What's New in Grokking System Design in 2026

System design is a moving target. The fundamentals are stable, but the specific systems engineers ask about in interviews shift every couple of years. Pinterest gives way to Reddit. WhatsApp gives way to Discord. The classic ad-click-tracking problem gives way to the flash-sale problem.

A static resource can't keep up with this. A continuously updated course can. That's the practical case for keeping Grokking System Design current rather than freezing it like a book.

Here's what actually changed in 2026, organized by what kind of update it is.

The biggest update: Volume II as a separate course

The most significant addition isn't a feature inside the original course. It's a new course alongside it.

Grokking the System Design Interview, Volume II launched as a deeper, senior-focused companion to the original Grokking the System Design Interview.
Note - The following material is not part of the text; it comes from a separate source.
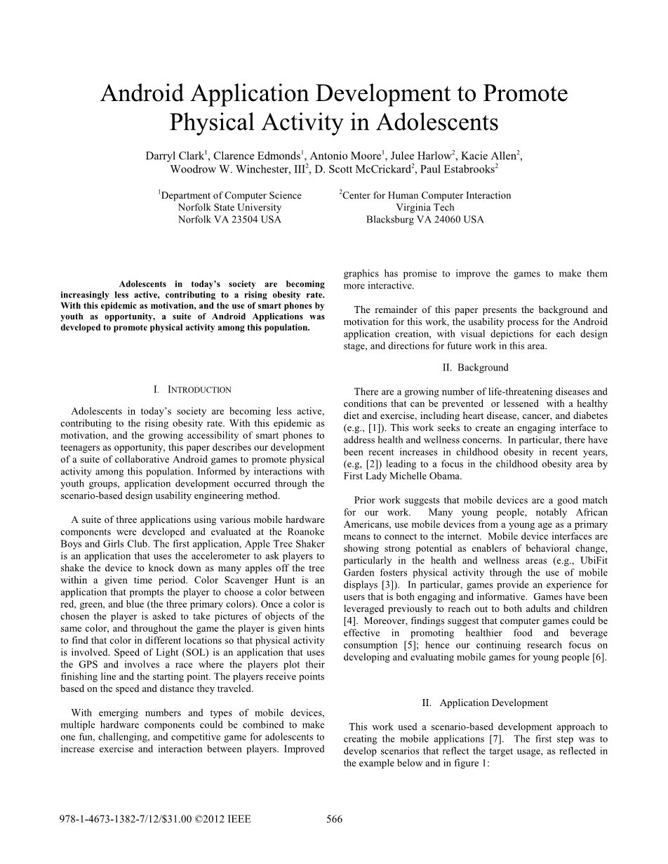 Roanoke Boys and Girls俱乐部评估了一套三个由各种移动硬件组成的应用程序。第一个应用程序,Apple Tree Shaker,要求玩家振动设备利用加速度计在给定的时间内尽可能多寄到书上的苹果。Color Scavenger Hunt是第二个,这是一个让玩家在红色,绿色和蓝色(三原色)中选择的程序,一旦玩家选择了一种颜色,就要求玩家选择一个相同颜色的物体图像,在整个游戏过程中,玩家需要根据系统提示亲自行动来查找该物体所在的位置。Speed of Light (SOL),程序使用全球定位系统,是一场由玩家亲自绘制路线图的竞赛,玩家的得分由自己的速度和距离决定。

The original course (now thought of as Volume I) is designed for engineers up to about 5 years of experience, covering the fundamentals, trade-offs, and 18 classic system design problems.

Volume II is built for the gap above that. Senior engineers, staff engineers, and anyone with 5+ years of experience who needs deeper coverage of more complex systems will find it directly relevant. Mid-level engineers who want to push past their comfort zone can also benefit, especially in the final weeks of preparation.

This addresses the most consistent feedback I've received over the years: the original course is excellent for the audience it was built for, but it caps at mid-level interview difficulty by design. We made that scope choice deliberately to keep the original course focused. Volume II is the answer for everyone who needed more.

If you've read the honest review of the original course, you saw me explicitly call out the mid-level cap as a limitation. Volume II is the structural answer to that limitation.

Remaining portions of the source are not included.